◆ ASSIGNED TASK ◆
Among the entries below, only the lines from the one with "权雅宁寄语全体新生,要厚植家" through the one with "1) Diamond Heights" are wanted, reproduced exactly. Pictures are not wanted.

◆ TASK MATERIAL ◆

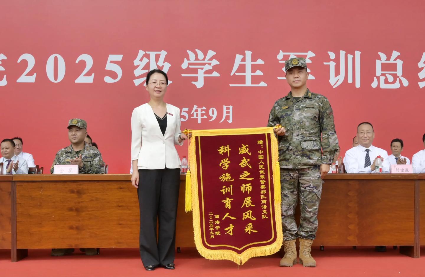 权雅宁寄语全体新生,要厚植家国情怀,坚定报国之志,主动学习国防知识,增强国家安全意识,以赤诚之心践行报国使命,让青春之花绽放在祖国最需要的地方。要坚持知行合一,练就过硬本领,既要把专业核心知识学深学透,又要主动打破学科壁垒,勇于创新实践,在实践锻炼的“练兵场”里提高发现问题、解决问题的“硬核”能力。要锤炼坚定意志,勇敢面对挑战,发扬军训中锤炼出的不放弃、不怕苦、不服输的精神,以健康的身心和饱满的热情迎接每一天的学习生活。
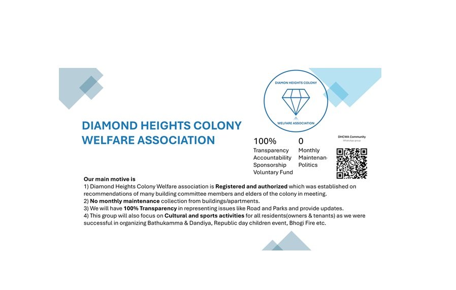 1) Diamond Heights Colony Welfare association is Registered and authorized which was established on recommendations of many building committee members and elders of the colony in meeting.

* * *

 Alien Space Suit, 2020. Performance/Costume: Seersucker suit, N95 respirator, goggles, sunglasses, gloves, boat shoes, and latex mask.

* * *

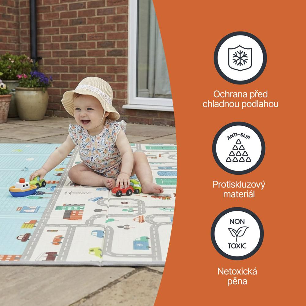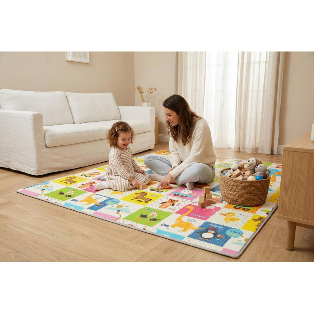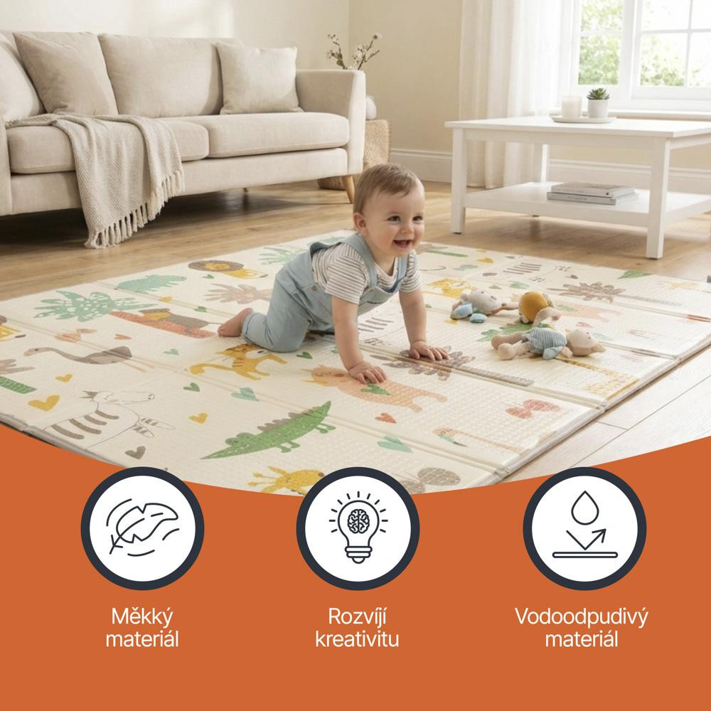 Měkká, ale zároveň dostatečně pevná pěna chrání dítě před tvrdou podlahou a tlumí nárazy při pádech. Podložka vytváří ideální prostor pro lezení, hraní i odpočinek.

◆ ANSWER SPACE ◆
 权雅宁寄语全体新生,要厚植家国情怀,坚定报国之志,主动学习国防知识,增强国家安全意识,以赤诚之心践行报国使命,让青春之花绽放在祖国最需要的地方。要坚持知行合一,练就过硬本领,既要把专业核心知识学深学透,又要主动打破学科壁垒,勇于创新实践,在实践锻炼的“练兵场”里提高发现问题、解决问题的“硬核”能力。要锤炼坚定意志,勇敢面对挑战,发扬军训中锤炼出的不放弃、不怕苦、不服输的精神,以健康的身心和饱满的热情迎接每一天的学习生活。
 1) Diamond Heights Colony Welfare association is Registered and authorized which was established on recommendations of many building committee members and elders of the colony in meeting.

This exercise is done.